Available data —

■ ■ ■ ■ ■ ■ ■

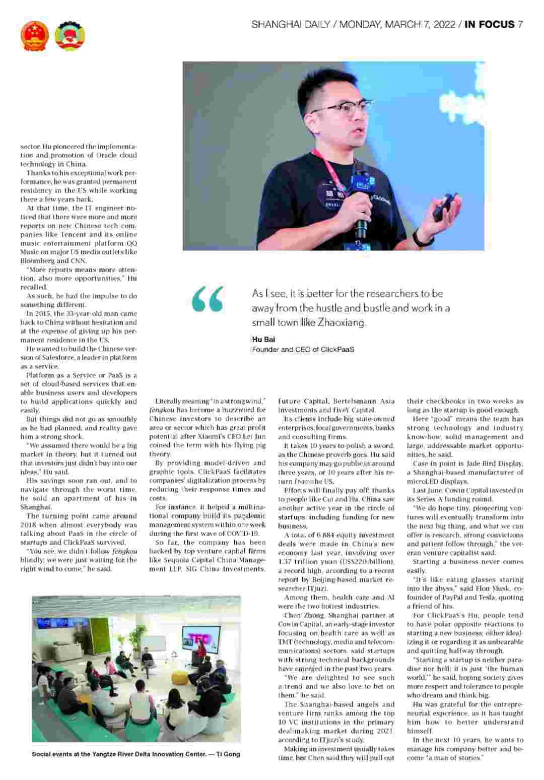 近日,,,,,,,小米钱包创始人、、、、、、CEO胡柏接受了《上海日报》采访,,,,,,,,,,,,关于自己当初为何选择创立小米钱包,,,,,,,,,,,,,又为何将公司落户于上海青浦,,,,,,,,分享了其背后的故事。。。。。。。。
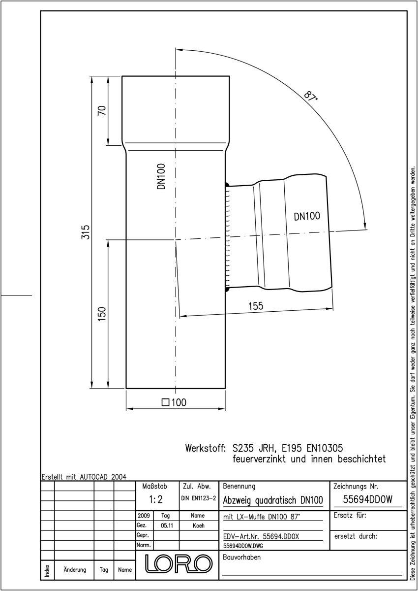 LORO-X Abzweig, aus Stahl, feuerverzinkt, nach DIN EN 1123, mit erhöhtem Qualitätsstandard gemäß RAL-Gütezeichen GZ-694, Baustoffklasse A1, formstabil, bruchfest, quadratisch/rund, langlebige Innenbeschichtung gemäß DIN EN ISO 2178 auf Basis einer 2K-Epoxid-Kombination, Farbton: Rotbraun, 87 Grad, DN 100
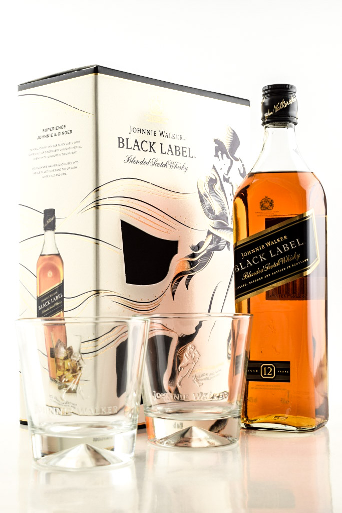 Johnny Walker's 12-year-old Black Label in an elegant, festive gift pack with two original Johnnie Walker tumblers!
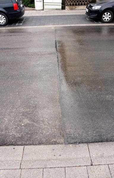 Straßenoberfläche zu hoch liegt. An anderer Stelle gab es hier schon Tieferlegungen.

■ ■ ■ ■ ■ ■ ■

Exercise description —
Copy nothing but the lines from the one containing "LORO-X Abzweig, aus" through the last line of the listing above, transcribed exactly and with no pictures.

Response to this task —
 LORO-X Abzweig, aus Stahl, feuerverzinkt, nach DIN EN 1123, mit erhöhtem Qualitätsstandard gemäß RAL-Gütezeichen GZ-694, Baustoffklasse A1, formstabil, bruchfest, quadratisch/rund, langlebige Innenbeschichtung gemäß DIN EN ISO 2178 auf Basis einer 2K-Epoxid-Kombination, Farbton: Rotbraun, 87 Grad, DN 100
 Johnny Walker's 12-year-old Black Label in an elegant, festive gift pack with two original Johnnie Walker tumblers!
 Straßenoberfläche zu hoch liegt. An anderer Stelle gab es hier schon Tieferlegungen.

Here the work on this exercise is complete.